▶ _What to work on_: Only the lines below from the one that contains "Elevate your evening" through the one that contains "FP7125是在恒定關閉時間" should appear in your answer, exact and without pictures.

[[ Source material open ]]

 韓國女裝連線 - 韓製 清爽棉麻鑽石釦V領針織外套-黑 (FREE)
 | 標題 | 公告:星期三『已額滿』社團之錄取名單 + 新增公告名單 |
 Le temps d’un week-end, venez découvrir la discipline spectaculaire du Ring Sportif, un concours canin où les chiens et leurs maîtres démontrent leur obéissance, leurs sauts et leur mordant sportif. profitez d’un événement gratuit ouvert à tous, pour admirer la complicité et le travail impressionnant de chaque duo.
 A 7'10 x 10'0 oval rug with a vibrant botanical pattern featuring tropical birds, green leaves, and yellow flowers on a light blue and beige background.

[[ Source material closed ]]
[[ Source material open ]]

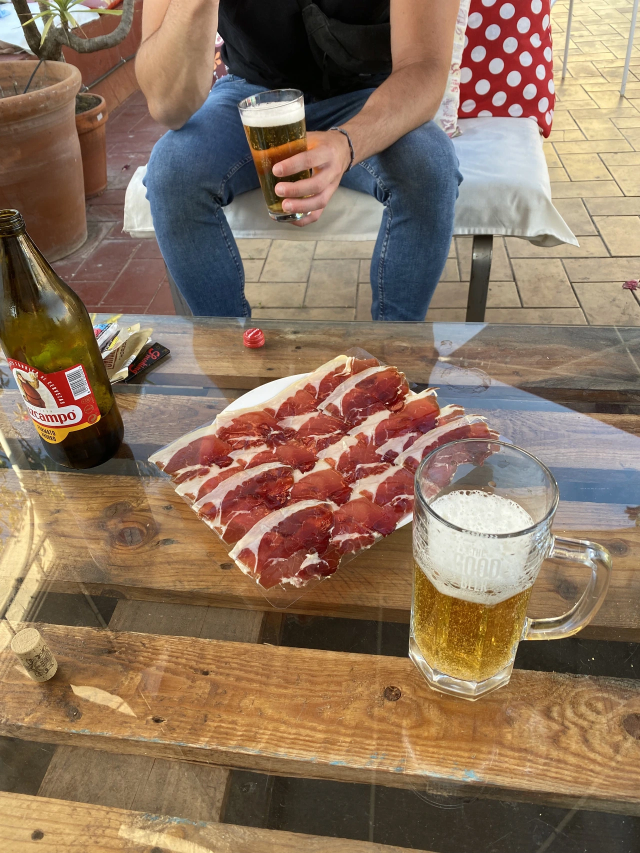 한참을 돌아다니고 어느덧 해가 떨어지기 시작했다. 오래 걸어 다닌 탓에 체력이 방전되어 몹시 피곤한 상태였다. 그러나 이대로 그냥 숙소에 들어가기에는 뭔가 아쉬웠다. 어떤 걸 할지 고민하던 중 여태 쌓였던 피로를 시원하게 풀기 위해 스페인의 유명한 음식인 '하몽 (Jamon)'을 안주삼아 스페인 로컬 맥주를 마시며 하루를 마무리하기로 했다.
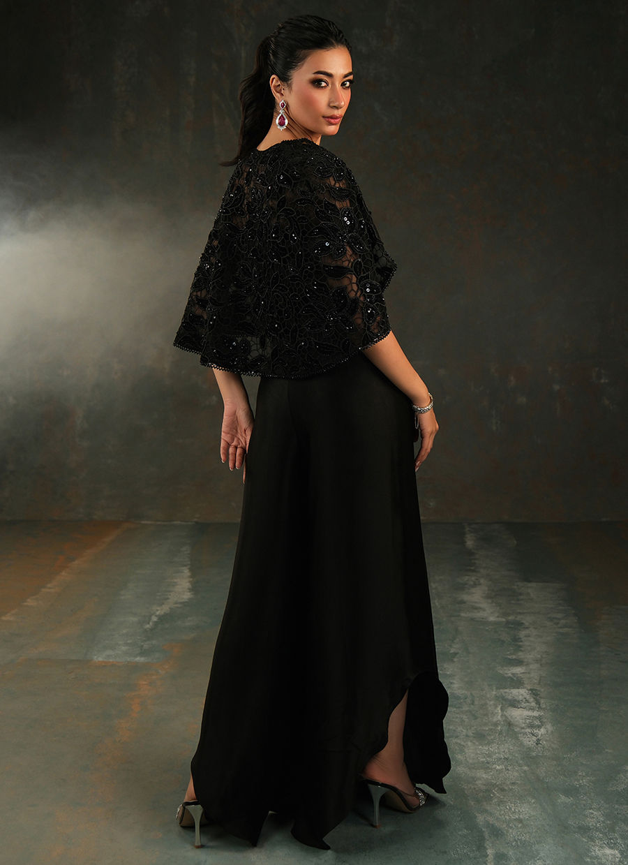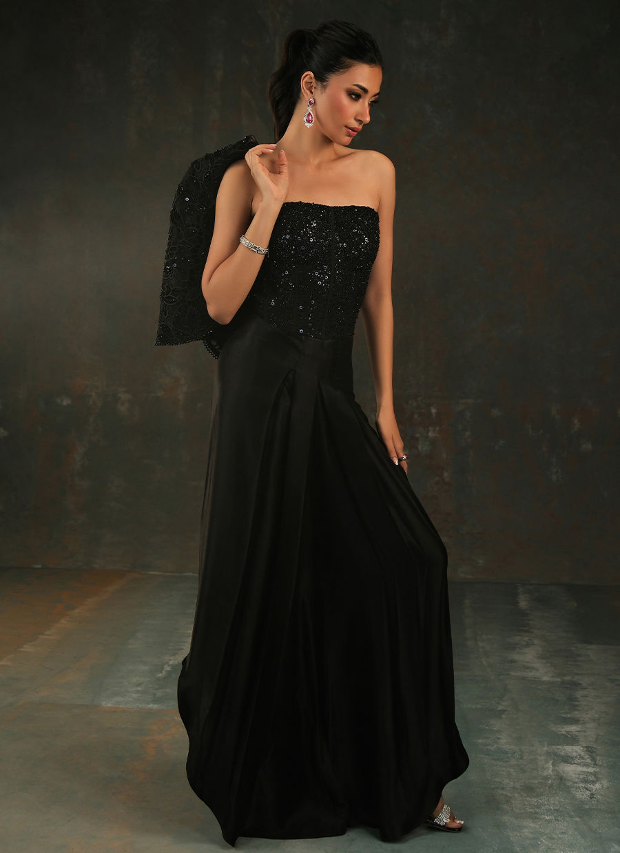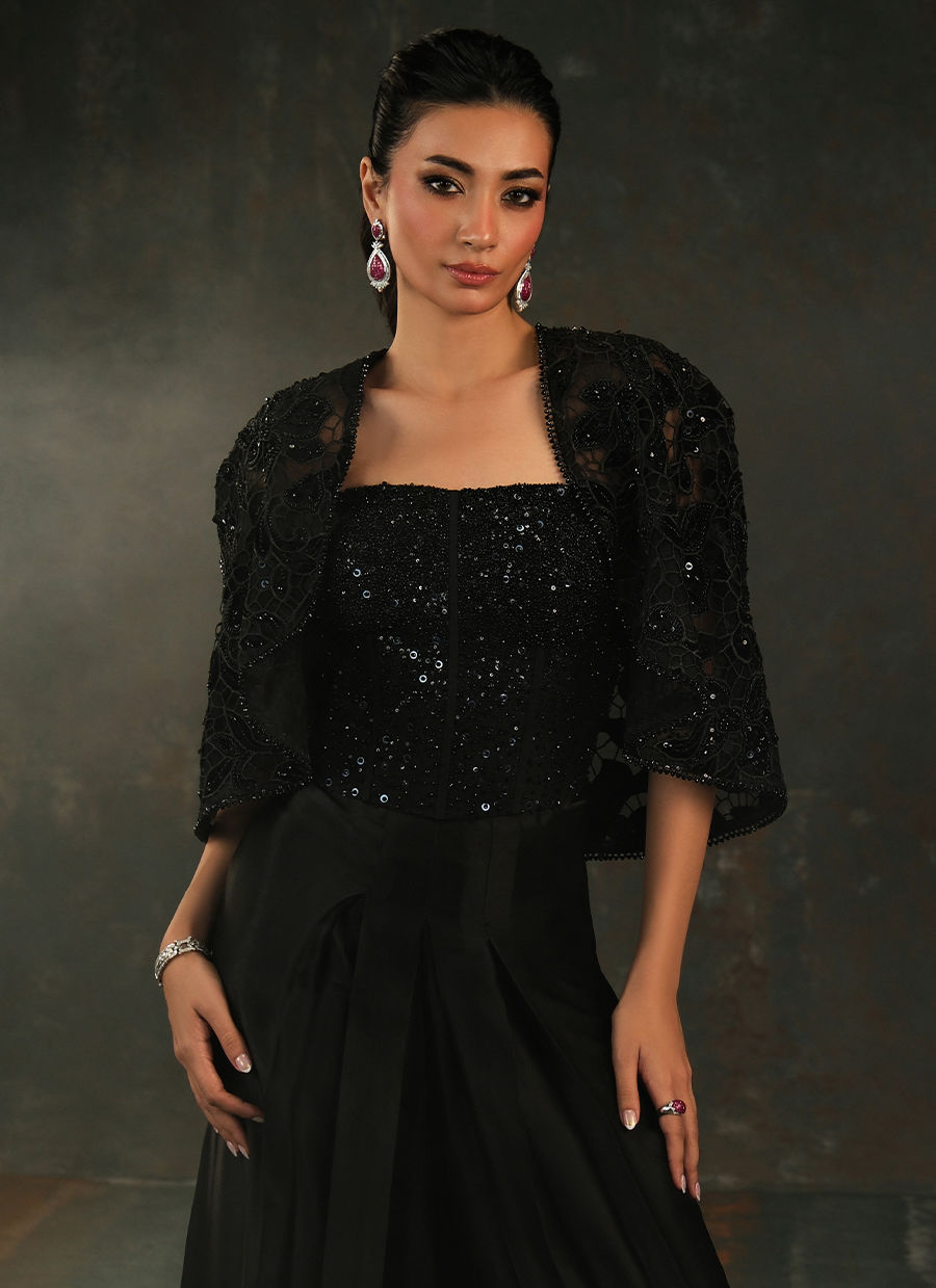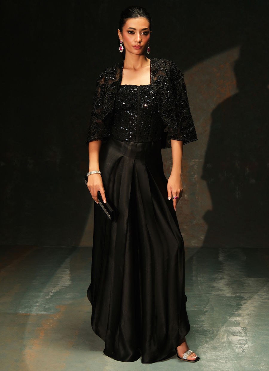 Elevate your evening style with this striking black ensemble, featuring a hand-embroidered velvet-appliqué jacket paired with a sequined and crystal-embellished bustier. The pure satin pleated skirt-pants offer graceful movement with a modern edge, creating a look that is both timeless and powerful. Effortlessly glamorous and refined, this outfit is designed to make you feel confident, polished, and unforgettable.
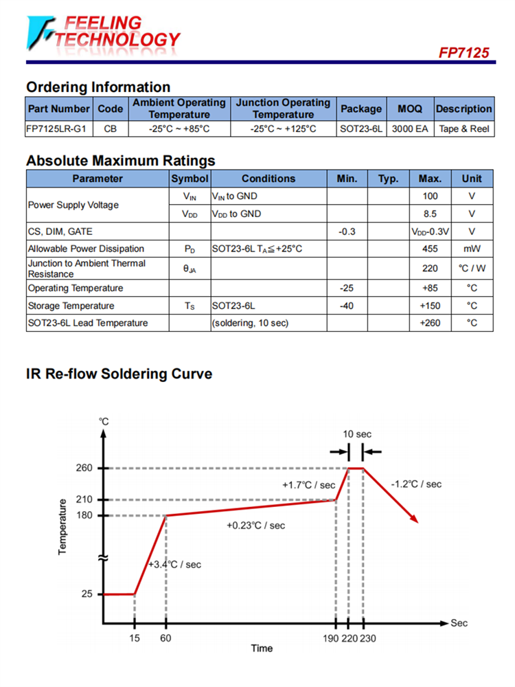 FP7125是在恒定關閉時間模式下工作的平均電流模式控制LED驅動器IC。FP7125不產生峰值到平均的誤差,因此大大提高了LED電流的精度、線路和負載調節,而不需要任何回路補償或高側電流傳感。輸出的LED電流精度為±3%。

[[ Source material closed ]]

▶ _Answer area_:
 Elevate your evening style with this striking black ensemble, featuring a hand-embroidered velvet-appliqué jacket paired with a sequined and crystal-embellished bustier. The pure satin pleated skirt-pants offer graceful movement with a modern edge, creating a look that is both timeless and powerful. Effortlessly glamorous and refined, this outfit is designed to make you feel confident, polished, and unforgettable.
 FP7125是在恒定關閉時間模式下工作的平均電流模式控制LED驅動器IC。FP7125不產生峰值到平均的誤差,因此大大提高了LED電流的精度、線路和負載調節,而不需要任何回路補償或高側電流傳感。輸出的LED電流精度為±3%。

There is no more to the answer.